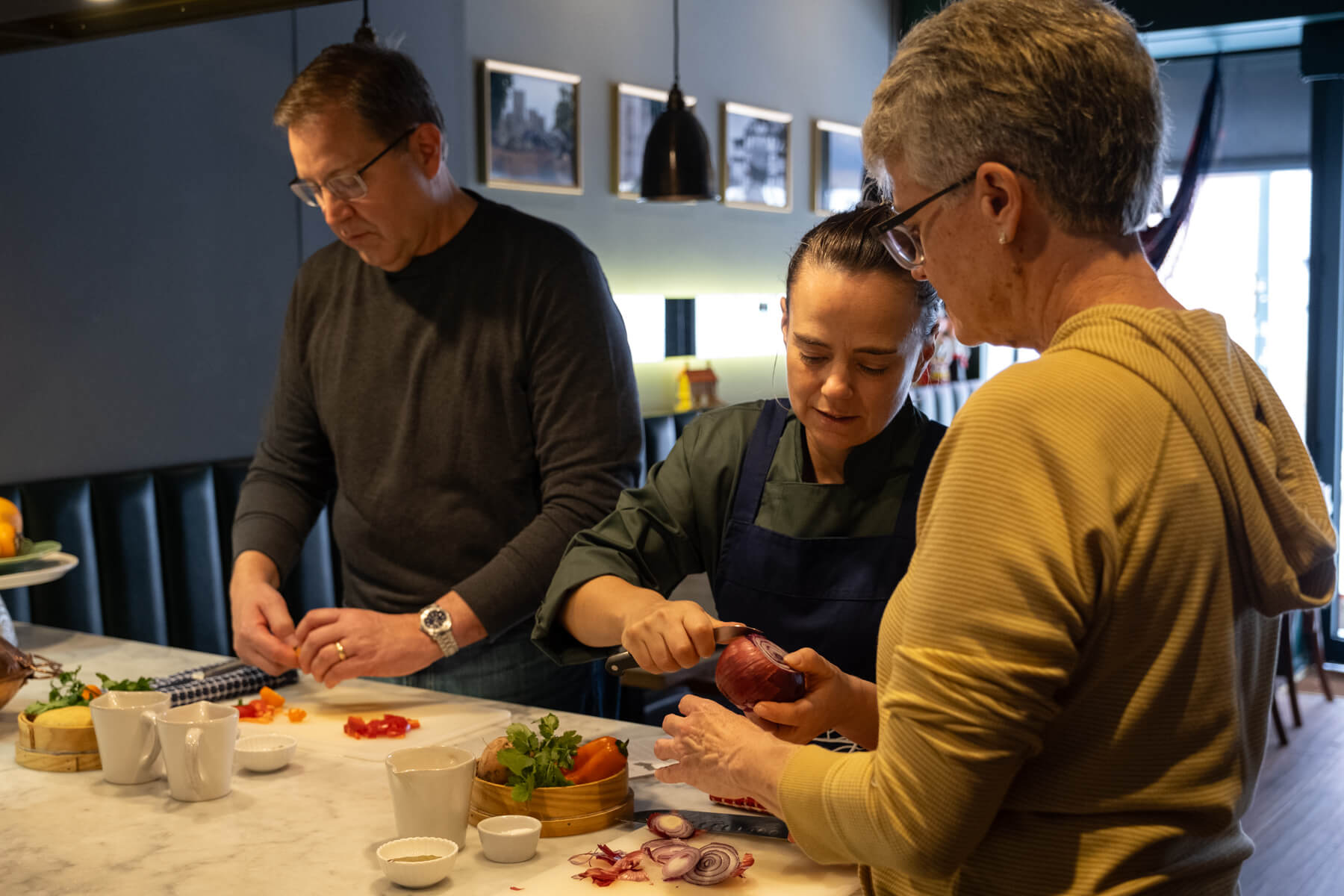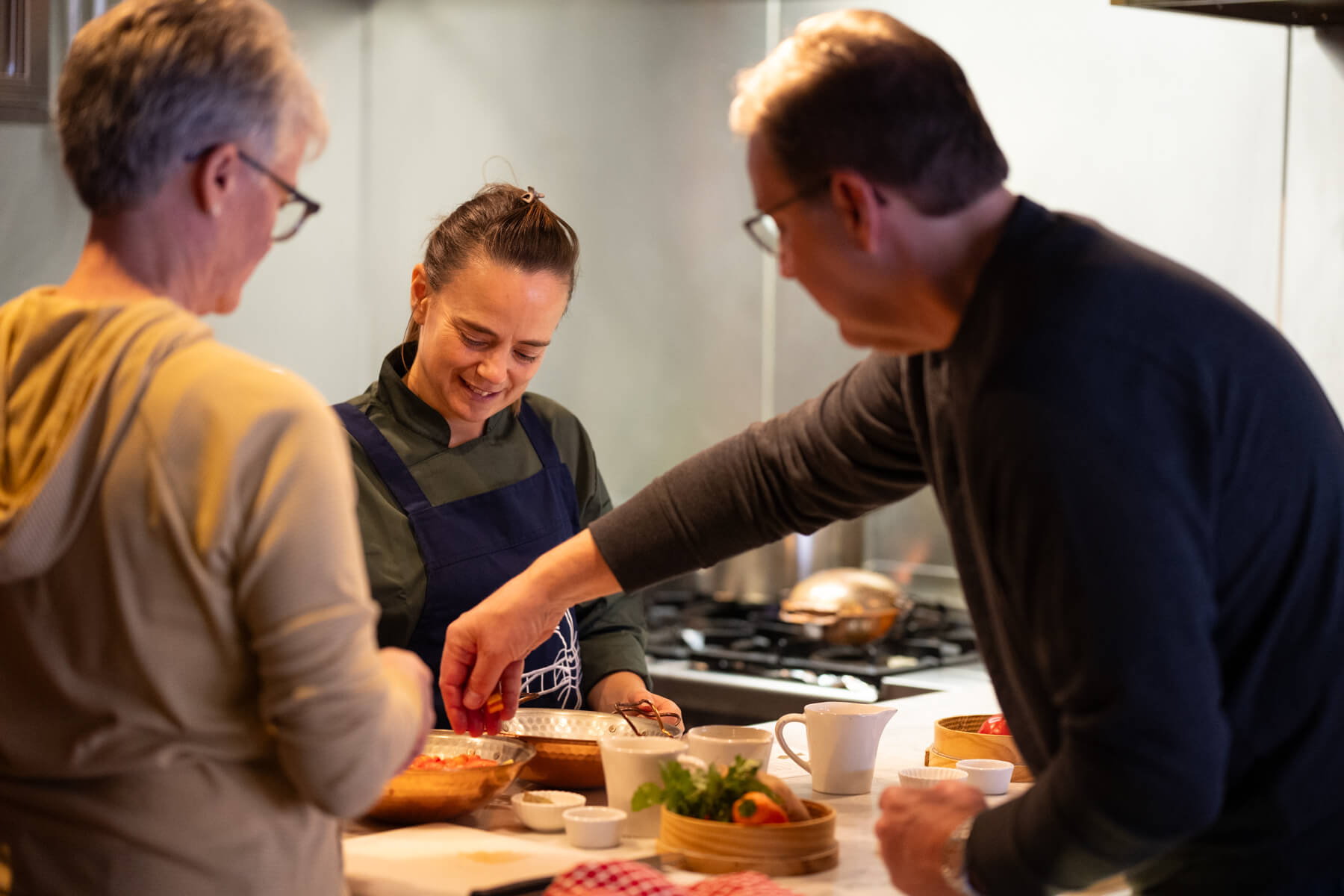 Step-by-step guidance to prepare a delicious 3-course meal (get personalized tips, share stories and laughs as your chef cooks with you)
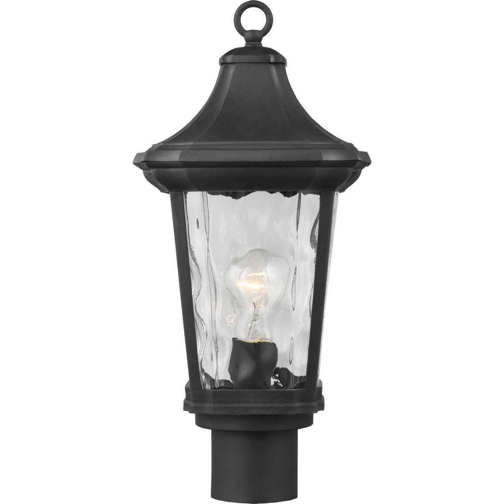 Progress Lighting Marquette Collection 1-Light Textured Black Clear Water Glass New Traditional Outdoor Post Lantern Light
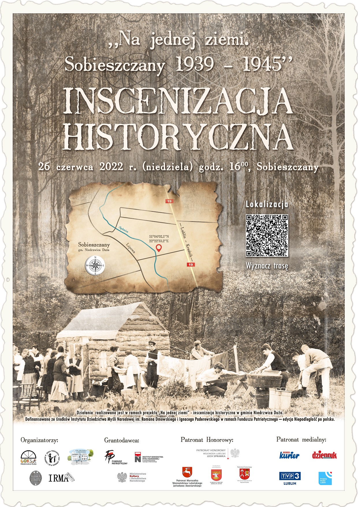 Gminny Ośrodek Kultury i Rekreacji, Szkoła Podstawowa im. Bohaterów 7. Kołobrzeskiego Pułku Piechoty w Niedrzwicy Dużej, IRMA" oraz Szkoła Podstawowa im. Jana Pawła II w Sobieszczanach serdecznie zapraszają na inscenizację historyczną
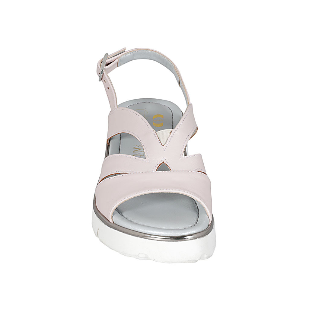 Sandalo da donna in pelle rosa con elastico zeppa 3 - Misure disponibili: 42
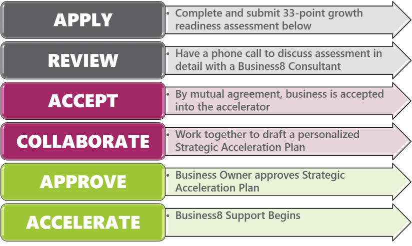 To help us determine your business’s readiness for acceptance into our Business8 Accelerator we have developed a comprehensive Business8 Growth Readiness Assessment.
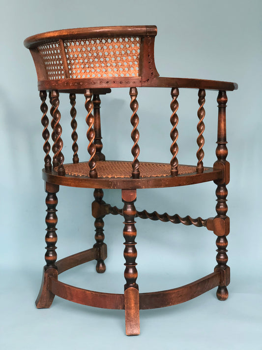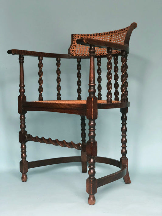 Edwardian Barley Twist Corner Chair With Cane Early 20th Century
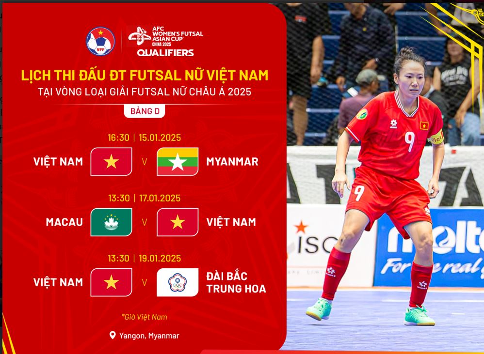 Tháng 1 năm 2025, đội tuyển sẽ bước vào vòng loại futsal nữ châu Á. Bảng đấu của đội khá thuận lợi khi chỉ phải đối đầu với các đối thủ như Đài Bắc Trung Hoa, Macau và Myanmar. Tuy nhiên, vòng chung kết sẽ là một thử thách lớn khi phải cạnh tranh với những đối thủ mạnh như Nhật Bản, Iran và Thái Lan.
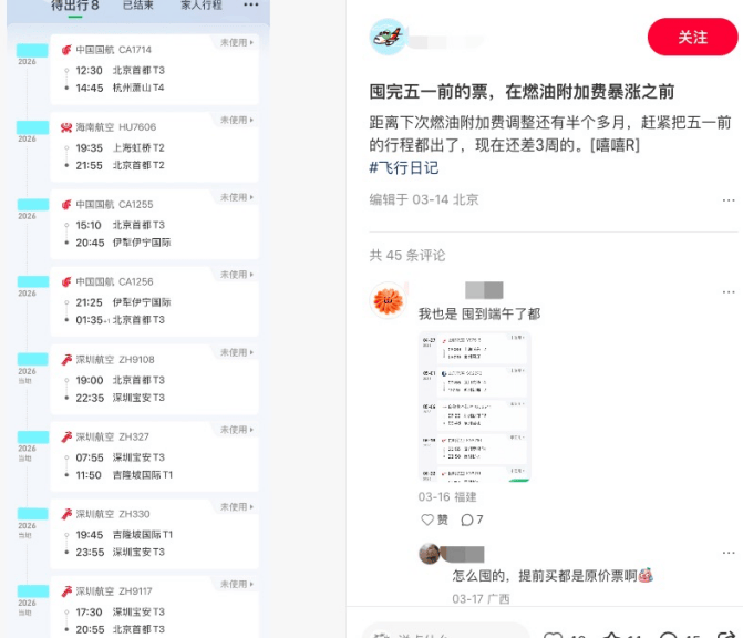面对机票价格走势,有游客开始提前“囤票”。一上海市民表示其一次性囤下国庆、春节两套国际机票,总价约12000元;北京旅客也提前购买了五一假期往返机票,规避后续附加费可能上涨的支出。
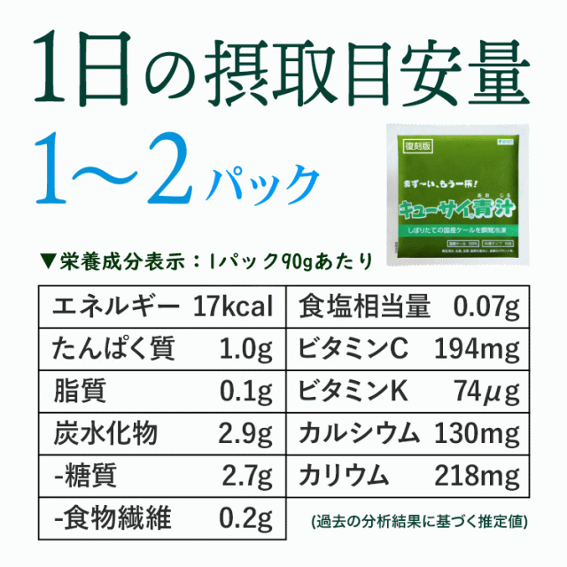 | 栄養成分:1パック(90g)あたり | エネルギー/17kcal、たんぱく質/1.0g、脂質/0.1g、糖質/2.7g、食物繊維/0.2g、食塩相当量/0.07g、ビタミンC/194mg、ビタミンK/74μg、カルシウム/130mg、カリウム/218mg ※過去の分析結果に基づく推定値 |
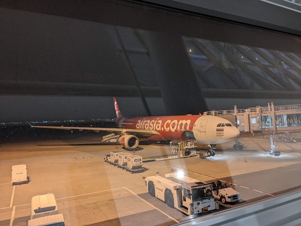 関西空港からバンコク・スワンナプーム国際空港へ。エアアジアの深夜便を予約しました。チェックインに15分、保安検査&出国審査に5分程度。スムーズに制限エリア内に入ることができました。
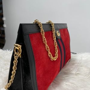 Gucci Ophidia Red Suede Chain Shoulder Bag

☆ ☆ ☆

* _Exercise aim_: Only the lines from the one containing "関西空港からバンコク・スワン" through the end of the records above should be retyped, exactly as they stand, with any pictures left out.

* _Output for this exercise_:
 関西空港からバンコク・スワンナプーム国際空港へ。エアアジアの深夜便を予約しました。チェックインに15分、保安検査&出国審査に5分程度。スムーズに制限エリア内に入ることができました。
 Gucci Ophidia Red Suede Chain Shoulder Bag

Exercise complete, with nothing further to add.